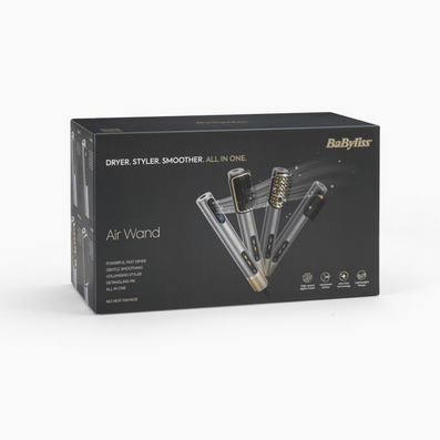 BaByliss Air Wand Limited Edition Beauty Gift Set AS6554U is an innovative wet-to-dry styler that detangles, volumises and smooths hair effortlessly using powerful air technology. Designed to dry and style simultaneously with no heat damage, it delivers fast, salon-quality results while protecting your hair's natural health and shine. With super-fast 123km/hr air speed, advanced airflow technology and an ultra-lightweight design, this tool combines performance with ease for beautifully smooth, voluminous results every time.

--

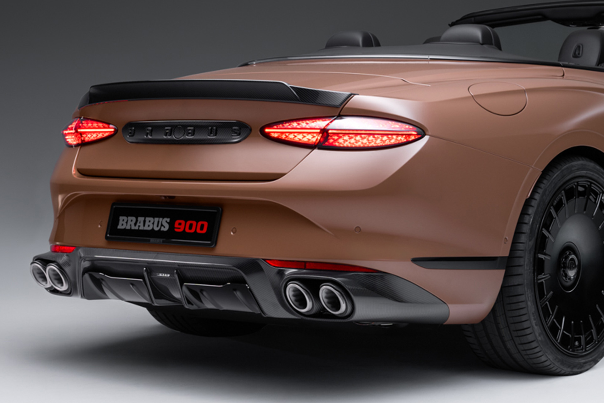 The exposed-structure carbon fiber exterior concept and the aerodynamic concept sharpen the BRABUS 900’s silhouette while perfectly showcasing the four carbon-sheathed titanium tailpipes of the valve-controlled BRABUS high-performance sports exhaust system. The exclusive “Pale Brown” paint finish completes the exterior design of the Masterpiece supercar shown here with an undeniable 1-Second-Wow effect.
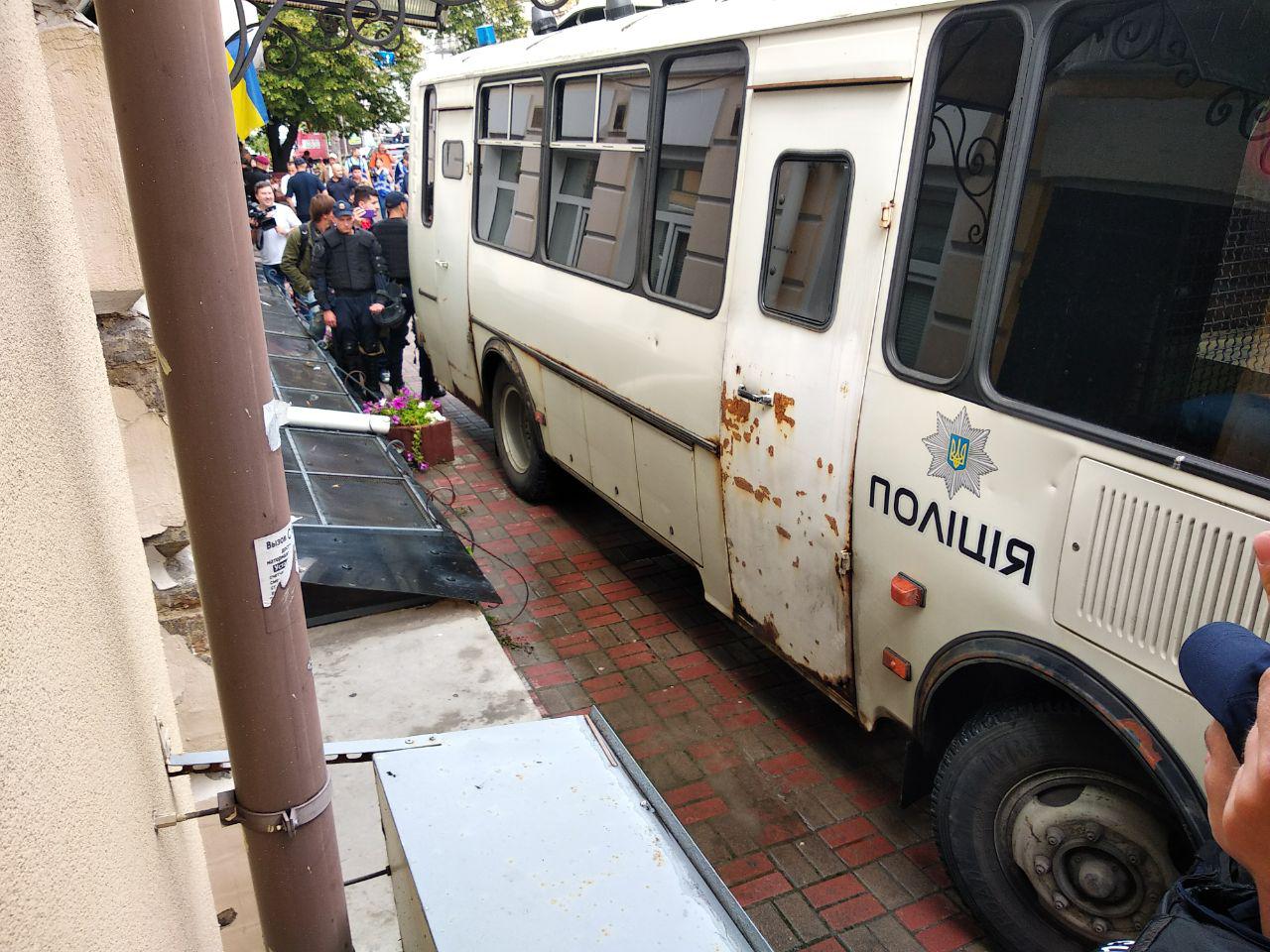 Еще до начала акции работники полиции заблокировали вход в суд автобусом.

* EXERCISE INSTRUCTIONS *
Leave out every picture, and copy exactly the lines above starting at the one holding "The exposed-structure carbon" and ending at the one holding "Еще до начала", no more and no less.

* OUTPUT *
 The exposed-structure carbon fiber exterior concept and the aerodynamic concept sharpen the BRABUS 900’s silhouette while perfectly showcasing the four carbon-sheathed titanium tailpipes of the valve-controlled BRABUS high-performance sports exhaust system. The exclusive “Pale Brown” paint finish completes the exterior design of the Masterpiece supercar shown here with an undeniable 1-Second-Wow effect.
 Еще до начала акции работники полиции заблокировали вход в суд автобусом.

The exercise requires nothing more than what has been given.